Respectfully submitted this 11th day of July 2013
Amelia Oliver,
Attorney for Respondent
[1] Steinman, S., The Experience of Children in a Joint Custody Arrangement: A Report of a Study, 51 American J. of Orthopsychiatry 403-414 (1981), Clarke-Stewart, A., Child Care in the Family, Academic Press, New York, N.Y., 1977.
[2] Steinman, supra note 32.
[3] Mr. Volson, J.L., et al, Ongoing Post Divorce Conflict: Effects on Children of Joint Custody and Frequent Access, 59 Am. J. Orthopsychiatry 576-595 (1989), McKinnon and Wallerstein, Joint Custody and the Preschool Child, 4 Behav. Sciences & Law 169 (1986).
[4] McKinnon & Wallerstein, supra note 34 at 180., Steinman, et al, A Study of Parents who sought Joint Custody Following Divorce: Who Reaches Agreement and Sustains Joint Custody and Who Returns to Court, 24 J. Amer. Acad. Child Psych. 554-562 (1985)
[5] McKinnon & Wallerstein, supra note 34 at 180.

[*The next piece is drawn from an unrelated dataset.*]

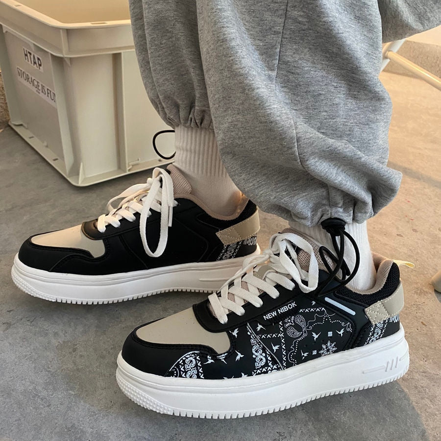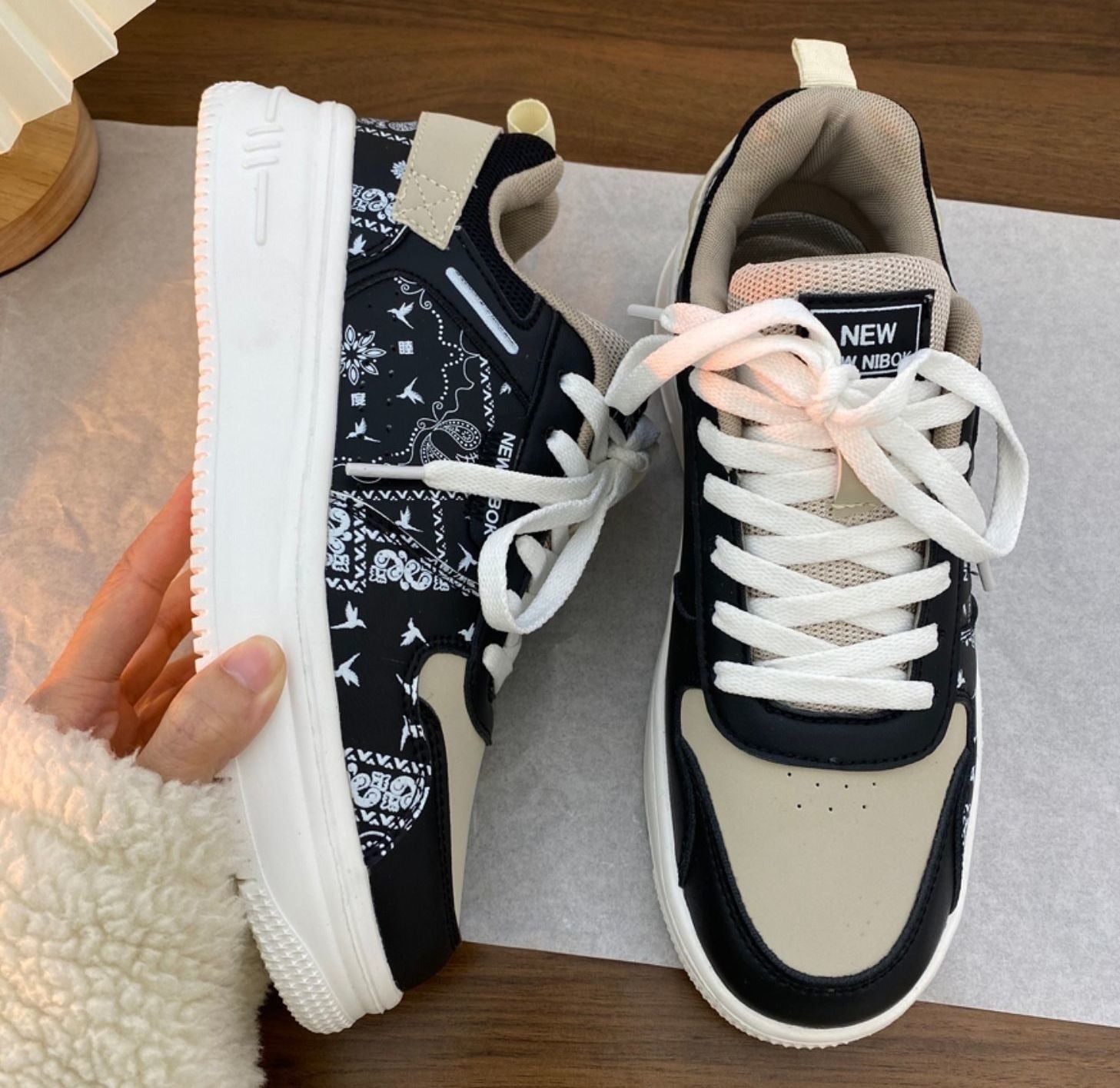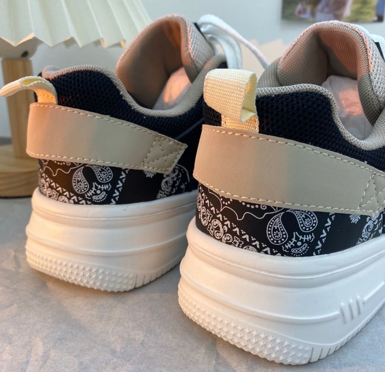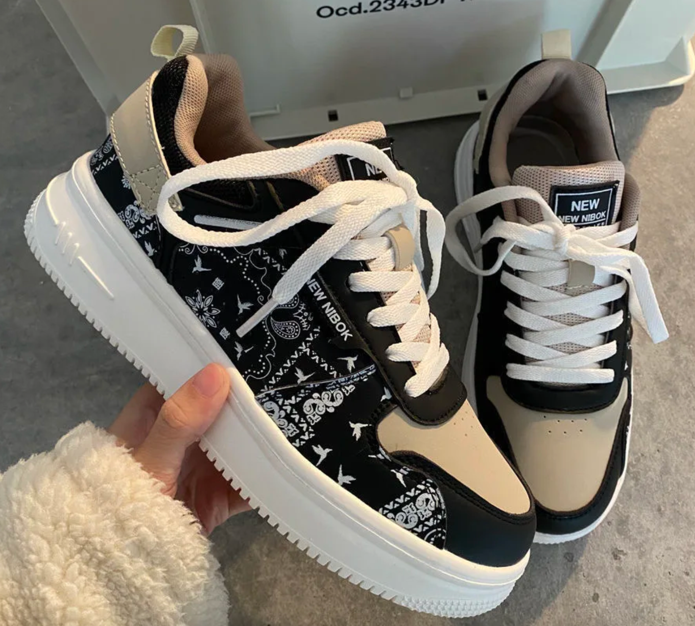 Damskie Sneakersy z Kontrastowymi Wzorami i Grubą Podeszwą

[6] Felner, R.D. & Terre, L., Child Custody Dispositions and Children's Adaptation Following Divorce, In: Weithom, L.A. (ed.) Psychiatry and Child Custody Determinations; Knowledge, Roles and Expertise, University of Nebraska Press, Lincoln, Neb. (1984) p. 124, Steinman, et al, supra note 35.
[7] Felner, R.D. & Terre, L., supra note 37 at 138-139, Phear, W. et al, An Empirical Study of Custody Agreements: Joint versus Sole Legal Custody, In: Joint Custody and Shared Parenting, Folberg, Jay (ed.) supra note 11 at 142-156.
[8] Ilfeld, F, et al, Does Joint Custody Work? A First Look at the Outcome of Relitigation, 139(1) Am. J. Psych. 62-66 (1982).